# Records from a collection
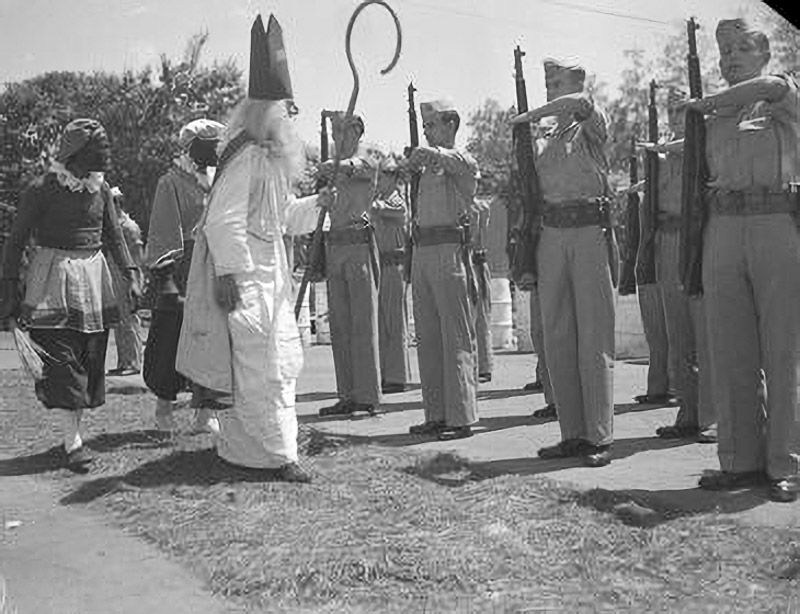Soerabaja, 5 december 1948 – Sinterklaas wordt geëscorteerd door twee Zwarte Pieten en inspecteert het erepeloton mariniers.
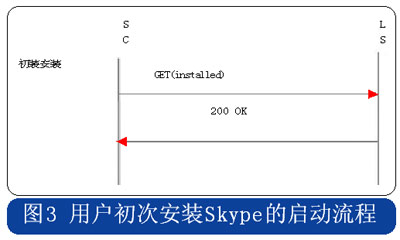Skype的用戶終端啟動時,采用HTTP協(xié)議連接到注冊服務器,用戶初次安裝的啟動流程中攜帶“installed”的參數(shù),使用時啟動流程則在消息中攜帶“getlatestversion”參數(shù),具體流程分別見圖3和圖4。
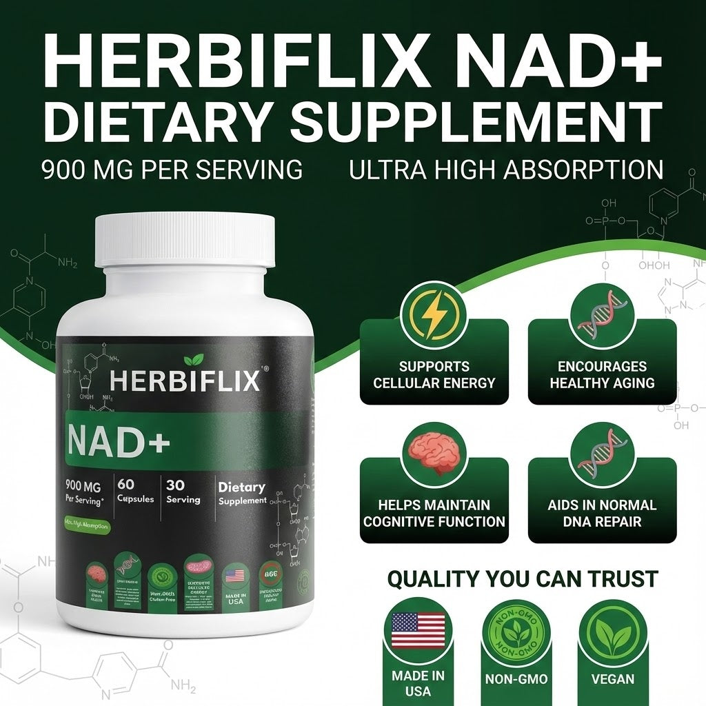 Support energy, metabolism, and cellular vitality with Herbiflix NAD+ 500mg Complex.
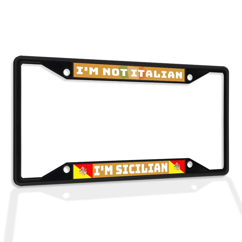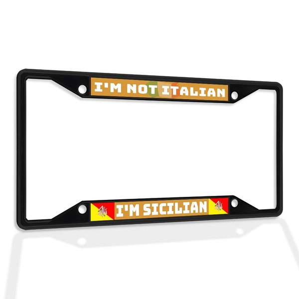 Fastasticdeals Metal Insert License Plate Frame I'm Not Italian Sicilian Weatherproof Car Accessories Black 4 Holes Solid Insert
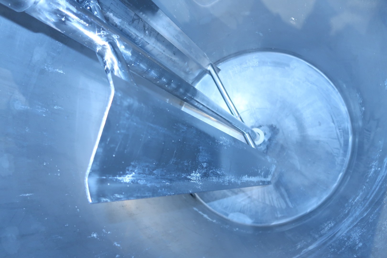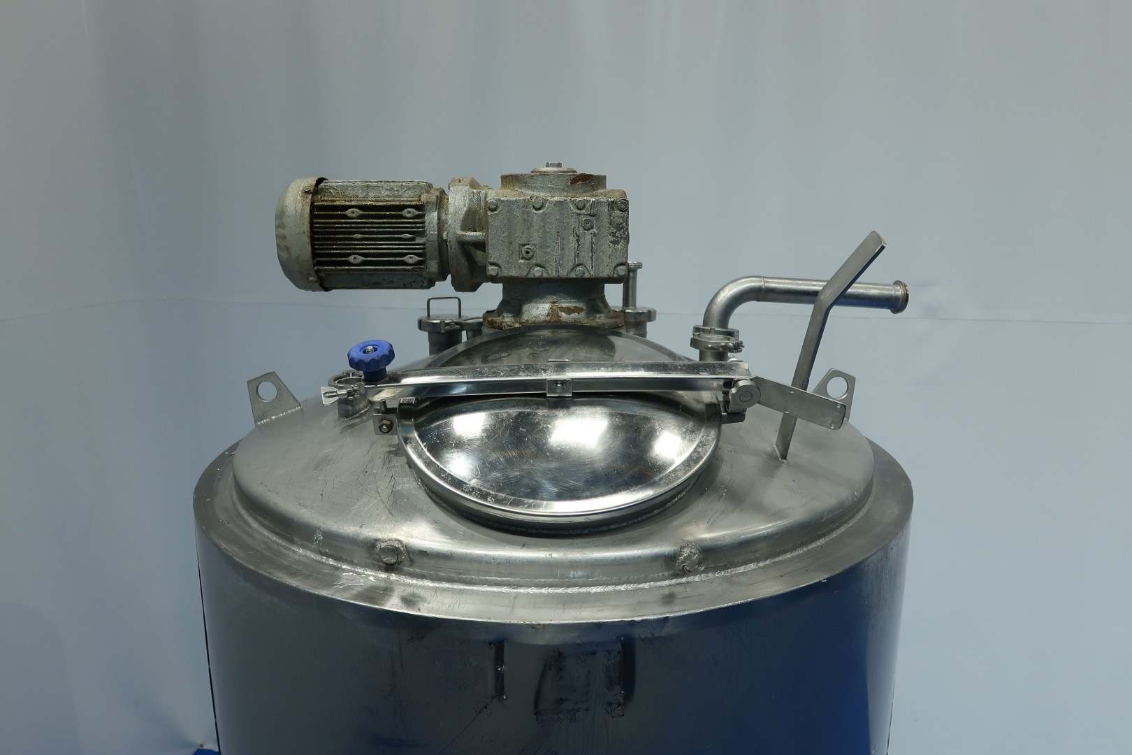 Double jacketed process tank. Top driven Fence-shaped agitator, with bottom bearing. Motor power: 2,2 kW - 4,7 A - n1: 1.425 rpm - i: 97 - n2: 15 rpm. Pressure in jacket: 3 bar. Insulated side and bottom. Product outlet 2" Tryclamp and outlet height: 50 cm. Including pneumatic and manual butterfly outlet valve. Radar level sensor in top make: E&H , type FMR20-38F0/0 , pressure transmitter, breather. 1 CIP spray bowl. Manhole in top, round 40 cm with matching funnel to feed in ingredients. Filter on on outlet. 3 Adjustable feet. Inside dimensions of tank: Ø 108 cm and cylindrical height 164 cm. Total dimensions: 140x140x290 (lxwxh) cm - weight: 680 kg.

# Task brief
Leaving the pictures out, reproduce the entries above exactly.

# Answer box
Soerabaja, 5 december 1948 – Sinterklaas wordt geëscorteerd door twee Zwarte Pieten en inspecteert het erepeloton mariniers.
Skype的用戶終端啟動時,采用HTTP協(xié)議連接到注冊服務器,用戶初次安裝的啟動流程中攜帶“installed”的參數(shù),使用時啟動流程則在消息中攜帶“getlatestversion”參數(shù),具體流程分別見圖3和圖4。
 Support energy, metabolism, and cellular vitality with Herbiflix NAD+ 500mg Complex.
 Fastasticdeals Metal Insert License Plate Frame I'm Not Italian Sicilian Weatherproof Car Accessories Black 4 Holes Solid Insert
 Double jacketed process tank. Top driven Fence-shaped agitator, with bottom bearing. Motor power: 2,2 kW - 4,7 A - n1: 1.425 rpm - i: 97 - n2: 15 rpm. Pressure in jacket: 3 bar. Insulated side and bottom. Product outlet 2" Tryclamp and outlet height: 50 cm. Including pneumatic and manual butterfly outlet valve. Radar level sensor in top make: E&H , type FMR20-38F0/0 , pressure transmitter, breather. 1 CIP spray bowl. Manhole in top, round 40 cm with matching funnel to feed in ingredients. Filter on on outlet. 3 Adjustable feet. Inside dimensions of tank: Ø 108 cm and cylindrical height 164 cm. Total dimensions: 140x140x290 (lxwxh) cm - weight: 680 kg.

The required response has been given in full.